* Listed entries
------
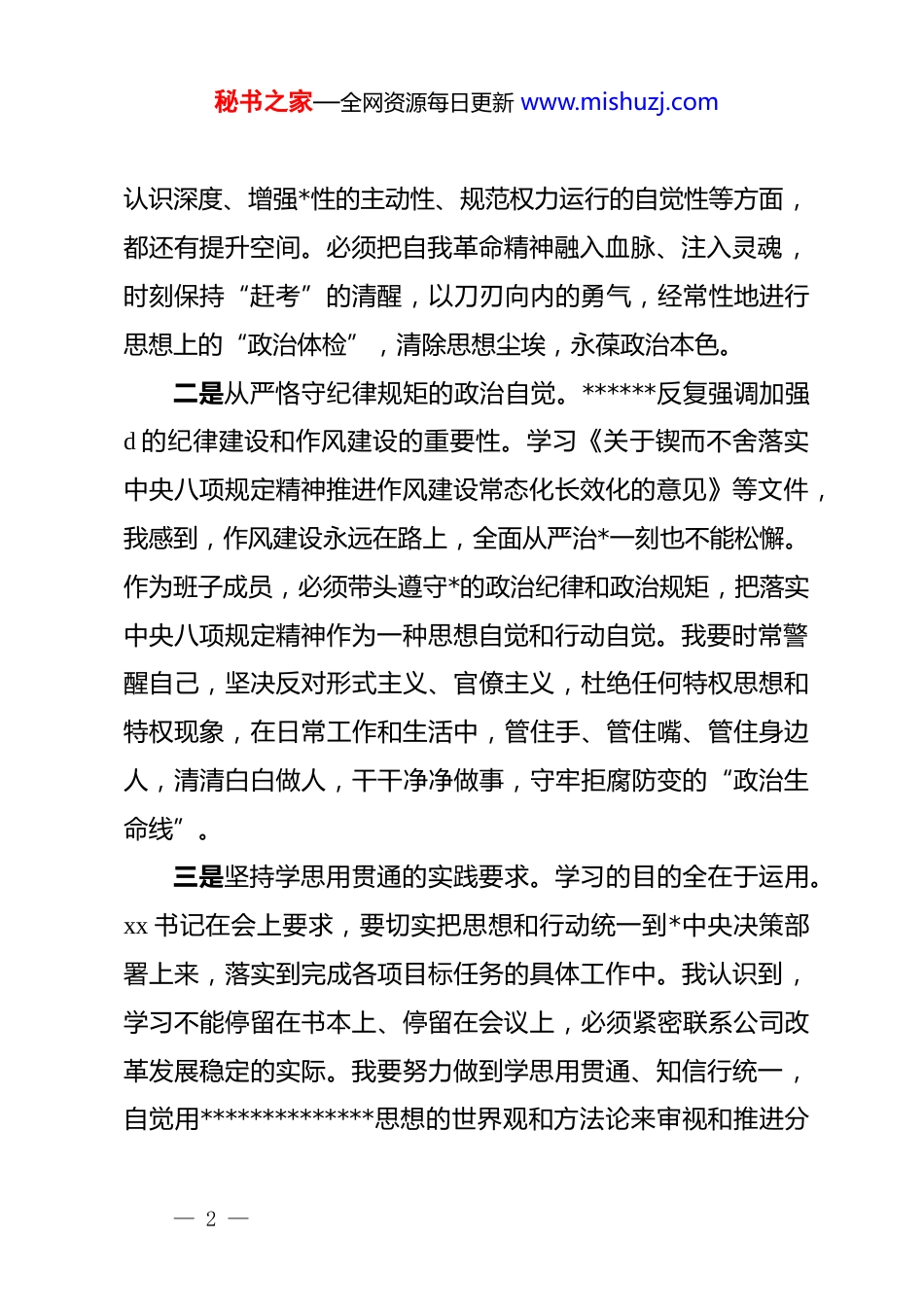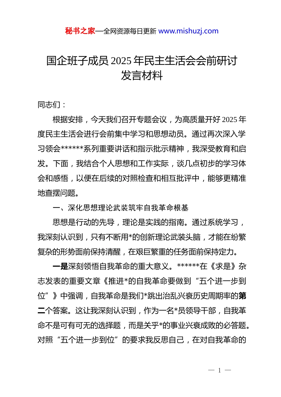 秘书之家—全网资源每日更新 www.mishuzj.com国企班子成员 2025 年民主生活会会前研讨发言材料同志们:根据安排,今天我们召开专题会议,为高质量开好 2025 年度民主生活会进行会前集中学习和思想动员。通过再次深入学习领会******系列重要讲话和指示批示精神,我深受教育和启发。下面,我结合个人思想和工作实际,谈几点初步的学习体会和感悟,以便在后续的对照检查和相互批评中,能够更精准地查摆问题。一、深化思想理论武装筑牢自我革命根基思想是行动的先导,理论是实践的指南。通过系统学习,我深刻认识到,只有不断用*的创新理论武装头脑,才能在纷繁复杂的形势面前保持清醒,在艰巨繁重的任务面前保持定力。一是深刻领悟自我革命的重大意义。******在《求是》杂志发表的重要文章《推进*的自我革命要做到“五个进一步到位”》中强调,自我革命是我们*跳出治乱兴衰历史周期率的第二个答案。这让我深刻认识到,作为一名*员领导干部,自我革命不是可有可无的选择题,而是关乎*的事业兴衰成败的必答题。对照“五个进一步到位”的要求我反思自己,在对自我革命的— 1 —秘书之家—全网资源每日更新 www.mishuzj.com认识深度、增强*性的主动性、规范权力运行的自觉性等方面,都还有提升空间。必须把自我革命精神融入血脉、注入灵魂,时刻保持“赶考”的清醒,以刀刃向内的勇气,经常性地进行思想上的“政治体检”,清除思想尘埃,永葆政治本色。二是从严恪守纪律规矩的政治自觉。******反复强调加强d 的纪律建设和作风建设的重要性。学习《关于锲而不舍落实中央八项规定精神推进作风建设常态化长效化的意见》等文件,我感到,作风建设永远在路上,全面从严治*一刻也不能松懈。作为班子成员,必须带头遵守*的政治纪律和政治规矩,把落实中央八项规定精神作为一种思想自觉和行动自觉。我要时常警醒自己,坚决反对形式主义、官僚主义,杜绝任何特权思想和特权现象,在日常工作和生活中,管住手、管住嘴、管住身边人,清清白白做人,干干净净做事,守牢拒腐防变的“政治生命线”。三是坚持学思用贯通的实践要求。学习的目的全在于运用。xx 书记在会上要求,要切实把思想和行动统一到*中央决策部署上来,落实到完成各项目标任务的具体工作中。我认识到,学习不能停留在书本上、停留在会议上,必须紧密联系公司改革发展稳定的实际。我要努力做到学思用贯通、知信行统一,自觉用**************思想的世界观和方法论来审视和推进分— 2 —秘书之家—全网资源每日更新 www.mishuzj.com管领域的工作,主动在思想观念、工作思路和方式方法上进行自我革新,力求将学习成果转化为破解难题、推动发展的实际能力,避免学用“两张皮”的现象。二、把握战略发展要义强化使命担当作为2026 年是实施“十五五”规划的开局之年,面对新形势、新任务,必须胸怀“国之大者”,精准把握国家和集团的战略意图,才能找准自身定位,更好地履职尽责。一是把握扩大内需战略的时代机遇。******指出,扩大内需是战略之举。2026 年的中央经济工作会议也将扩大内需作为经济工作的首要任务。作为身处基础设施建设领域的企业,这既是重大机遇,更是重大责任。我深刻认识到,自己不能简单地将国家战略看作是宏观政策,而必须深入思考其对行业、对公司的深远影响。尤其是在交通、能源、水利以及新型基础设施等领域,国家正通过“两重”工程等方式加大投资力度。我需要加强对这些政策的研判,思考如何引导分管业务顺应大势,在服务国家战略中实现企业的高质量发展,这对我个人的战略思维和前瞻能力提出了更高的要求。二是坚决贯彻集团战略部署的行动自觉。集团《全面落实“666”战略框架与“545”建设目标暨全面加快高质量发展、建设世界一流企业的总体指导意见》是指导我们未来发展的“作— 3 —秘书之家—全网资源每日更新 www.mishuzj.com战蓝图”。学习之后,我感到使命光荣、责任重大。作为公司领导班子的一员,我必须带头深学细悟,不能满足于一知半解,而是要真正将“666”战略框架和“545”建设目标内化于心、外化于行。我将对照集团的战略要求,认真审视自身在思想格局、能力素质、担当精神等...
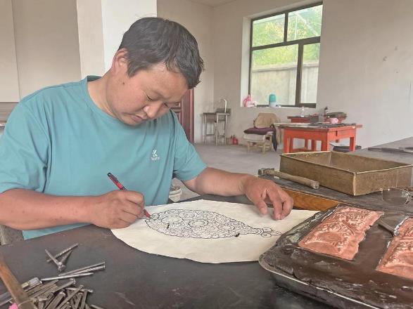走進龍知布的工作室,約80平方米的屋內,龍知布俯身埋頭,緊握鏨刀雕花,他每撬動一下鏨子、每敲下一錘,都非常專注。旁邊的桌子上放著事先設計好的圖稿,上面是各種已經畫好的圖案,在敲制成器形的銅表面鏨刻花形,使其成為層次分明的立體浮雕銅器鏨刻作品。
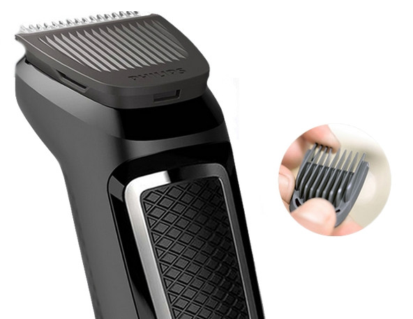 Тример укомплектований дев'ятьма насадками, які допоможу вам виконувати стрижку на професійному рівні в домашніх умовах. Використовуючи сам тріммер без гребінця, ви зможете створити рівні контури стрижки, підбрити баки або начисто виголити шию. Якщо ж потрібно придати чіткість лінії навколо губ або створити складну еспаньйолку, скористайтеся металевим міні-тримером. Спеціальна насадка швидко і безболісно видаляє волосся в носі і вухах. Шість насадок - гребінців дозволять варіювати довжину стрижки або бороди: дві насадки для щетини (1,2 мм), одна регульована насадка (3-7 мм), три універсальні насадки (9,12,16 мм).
------
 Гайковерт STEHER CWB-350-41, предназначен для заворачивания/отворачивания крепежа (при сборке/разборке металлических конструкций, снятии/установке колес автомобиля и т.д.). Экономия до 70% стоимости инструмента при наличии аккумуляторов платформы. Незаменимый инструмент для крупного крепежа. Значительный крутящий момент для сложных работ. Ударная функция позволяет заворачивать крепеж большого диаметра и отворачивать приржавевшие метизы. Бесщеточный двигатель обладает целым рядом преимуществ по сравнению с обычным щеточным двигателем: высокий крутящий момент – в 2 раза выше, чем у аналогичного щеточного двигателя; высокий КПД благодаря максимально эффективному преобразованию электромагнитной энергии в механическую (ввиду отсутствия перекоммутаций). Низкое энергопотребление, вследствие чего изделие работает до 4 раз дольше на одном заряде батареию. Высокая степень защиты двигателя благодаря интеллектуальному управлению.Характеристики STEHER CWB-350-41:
------
* Task goal
In the listing above, find the line with "走進龍知布的工作室,約80平" and the line with "Тример укомплектований дев'ятьма". Output both, plus every line between them, and no pictures.

* Solved problem
走進龍知布的工作室,約80平方米的屋內,龍知布俯身埋頭,緊握鏨刀雕花,他每撬動一下鏨子、每敲下一錘,都非常專注。旁邊的桌子上放著事先設計好的圖稿,上面是各種已經畫好的圖案,在敲制成器形的銅表面鏨刻花形,使其成為層次分明的立體浮雕銅器鏨刻作品。
 Тример укомплектований дев'ятьма насадками, які допоможу вам виконувати стрижку на професійному рівні в домашніх умовах. Використовуючи сам тріммер без гребінця, ви зможете створити рівні контури стрижки, підбрити баки або начисто виголити шию. Якщо ж потрібно придати чіткість лінії навколо губ або створити складну еспаньйолку, скористайтеся металевим міні-тримером. Спеціальна насадка швидко і безболісно видаляє волосся в носі і вухах. Шість насадок - гребінців дозволять варіювати довжину стрижки або бороди: дві насадки для щетини (1,2 мм), одна регульована насадка (3-7 мм), три універсальні насадки (9,12,16 мм).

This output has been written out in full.